**WHAT TO WORK ON:** Everything from the line containing "(プログラム・施設外活動等を含む) 月曜日から土曜日まで。午前10時から午後3時まで。 |" through the last line of the data below is to be retyped exactly, apart from the pictures.

**SUPPLIED INFORMATION:**
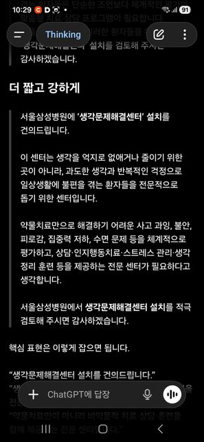 - 생활꿀팁생활Q. 서울삼성병원에 ‘생각문제해결센터 설치’를 건의했는데, 취지에 맞지 않아 답변이 어렵다는 말은 어떤 의미인가요? 서울삼성병원에 **“생각문제해결센터 설치”**에 대한 건의를 드렸는데, 담당자께서 **“취지에 맞지 않아 답변이 불가하다”**는 식으로 말씀하셨습니다 제가 건의한 취지는 단순히 생각을 억지로 줄이거나 없애자는 것이 아니라, 과도한 생각, 반복적인 걱정, 사고 과잉 등으로 일상생활에 불편을 겪는 사람들을 전문적으로 도와줄 수 있는 센터가 필요하지 않겠느냐는 내용이었습니다 그런데 병원 측에서는 이 건의가 고객의 소리나 일반 상담 창구의 취지와 맞지 않는다고 본 것 같습니다 이 경우 담당자가 말한 **“취지에 맞지 않는다”**는 표현은 어떤 의미로 이해하면 될까요 예를 들어 병원 고객의 소리 창구는 주로 진료 불편, 예약 문제, 직원 응대, 시설 이용 불편 같은 내용을 접수하는 곳이라서 새로운 센터 설치나 병원 운영 정책에 관한 제안은 답변 범위가 아니라는 뜻일까요 또는 “생각문제해결센터”라는 표현 자체가 의학적으로 너무 포괄적이거나 모호해서, 병원 입장에서는 기존 정신건강의학과 진료나 상담 프로그램으로 다뤄야 할 사안이라고 본 것일 수도 있을까요 제가 보기에는 담당자의 답변이 “내용이 무조건 틀렸다”는 뜻이라기보다는, 접수한 창구의 성격이나 병원에서 답변할 수 있는 업무 범위와 맞지 않았다는 의미처럼 느껴지기도 합니다 이런 경우에는 다시 건의하려 **“생각문제해결센터 설치를 요구합니다”**라는 표현보다 **“과도한 생각과 반복적 걱정으로 어려움을 겪는 환자를 위한 전문 평가·상담 프로그램 또는 장기적 전문센터 개설 검토를 건의드립니다”**처럼 표현하는 것이 더 적절할까요 서울삼성병원 같은 대형병원에 특정 센터 설치를 건의했을 때, 담당자가 **“취지에 맞지 않아 답변이 불가하다”**고 하는 것은 정확히 어떤 뜻인지 궁금합니다
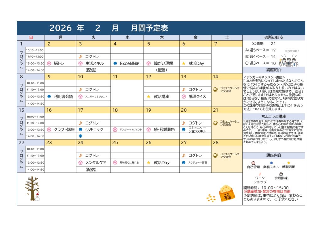 | プログラム提供時間 | ▼営業日 月曜日から土曜日まで。12月30日から1月3日は年末年始休暇をいただいております。 ▼営業時間 午前9時30分から午後6時まで。 ▼サービス提供時間 (プログラム・施設外活動等を含む) 月曜日から土曜日まで。午前10時から午後3時まで。 |
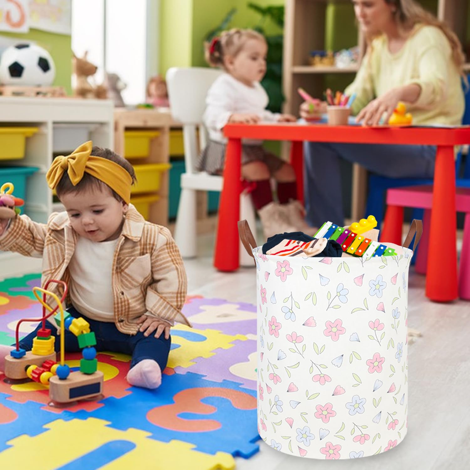 ❀{MATERIAL}:High quality cotton linen canvas (suitable for kids' clothes and toys) + lined with waterproof PE coating (easy to clean) +leather handle (lightweight and portable). Light and practical, easy to carry and store, necessary for home!

**ANSWER BOX:**
 | プログラム提供時間 | ▼営業日 月曜日から土曜日まで。12月30日から1月3日は年末年始休暇をいただいております。 ▼営業時間 午前9時30分から午後6時まで。 ▼サービス提供時間 (プログラム・施設外活動等を含む) 月曜日から土曜日まで。午前10時から午後3時まで。 |
 ❀{MATERIAL}:High quality cotton linen canvas (suitable for kids' clothes and toys) + lined with waterproof PE coating (easy to clean) +leather handle (lightweight and portable). Light and practical, easy to carry and store, necessary for home!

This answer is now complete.